→ EXERCISE DETAILS
Lines from the one with "- Material:This Eyelet" to the end of the material, both included: print them exactly and print nothing else. Omit the pictures.

→ SUPPLIED INFORMATION
Segment Open

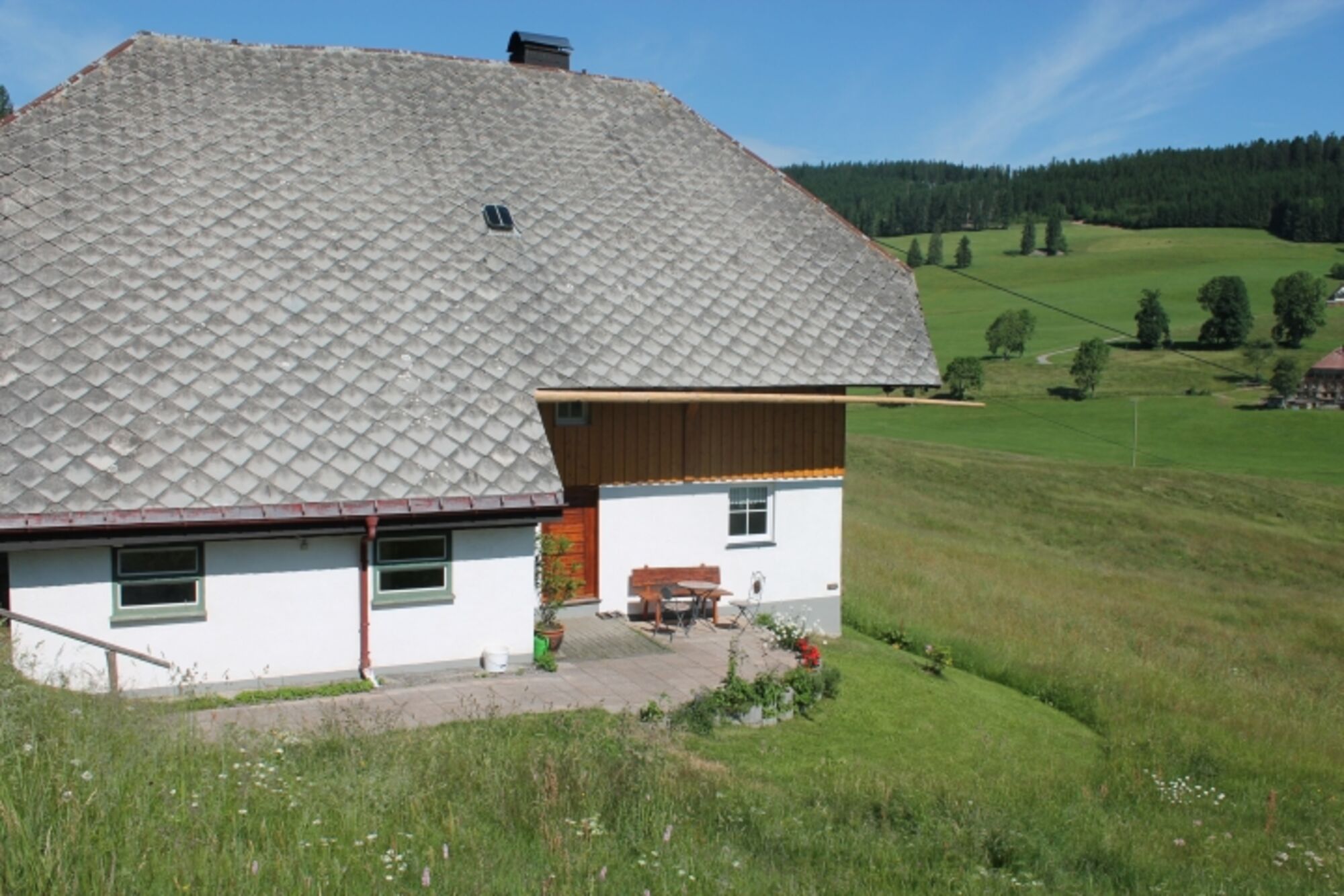 In unserem Häusle, das zum Hofgut Hanisenhof gehört, wohnen nur Sie in völliger Alleinlage. Sie haben von hier aus einen wunderschönen weiten Blick ins Spriegelsbachtal und hinüber auf den Hanisenhof.
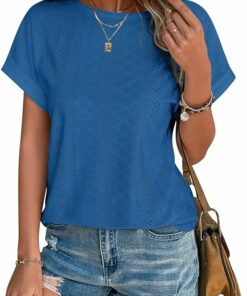 - Material:This Eyelet Embroidery summer tops is made of 94% Polyester,6% Spandex.Breathable,lightweight and comfy to wear all day
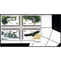 U.S. U.S. Errors, Freaks and Oddities 1971, 8¢ Wildlife Conservation Issue Terrific foldover variety block of 4 with plate number. OG. NH. VF. Scott No. 1427-30 Estimate US$200-300
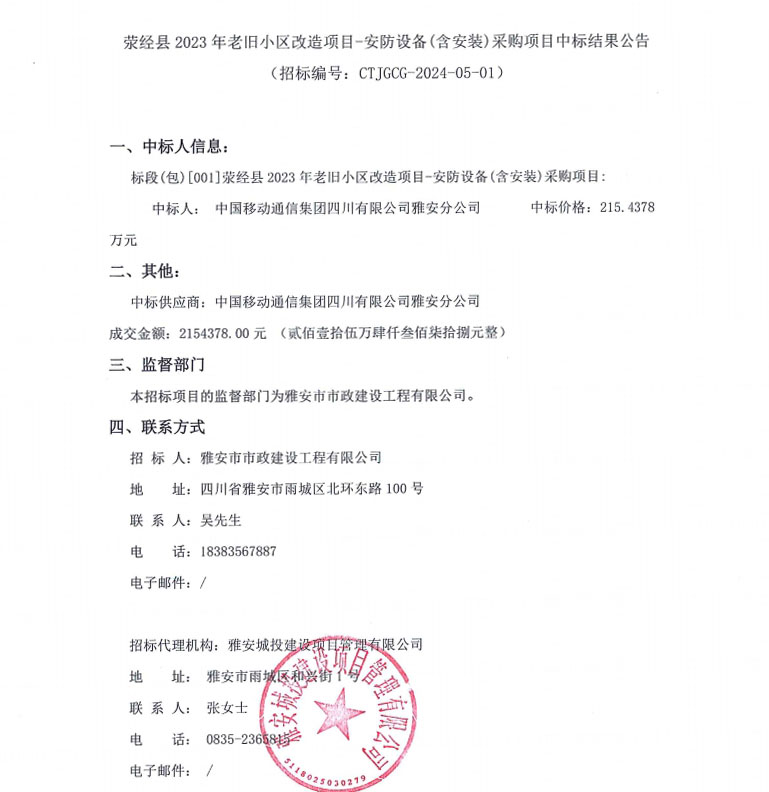 滎經(jīng)縣2023年老舊小區(qū)改造項(xiàng)目-安防設(shè)備(含安裝)采購項(xiàng)目中標(biāo)結(jié)果公告

Segment Closed

→ WRITTEN SOLUTION
 - Material:This Eyelet Embroidery summer tops is made of 94% Polyester,6% Spandex.Breathable,lightweight and comfy to wear all day
 U.S. U.S. Errors, Freaks and Oddities 1971, 8¢ Wildlife Conservation Issue Terrific foldover variety block of 4 with plate number. OG. NH. VF. Scott No. 1427-30 Estimate US$200-300
 滎經(jīng)縣2023年老舊小區(qū)改造項(xiàng)目-安防設(shè)備(含安裝)采購項(xiàng)目中標(biāo)結(jié)果公告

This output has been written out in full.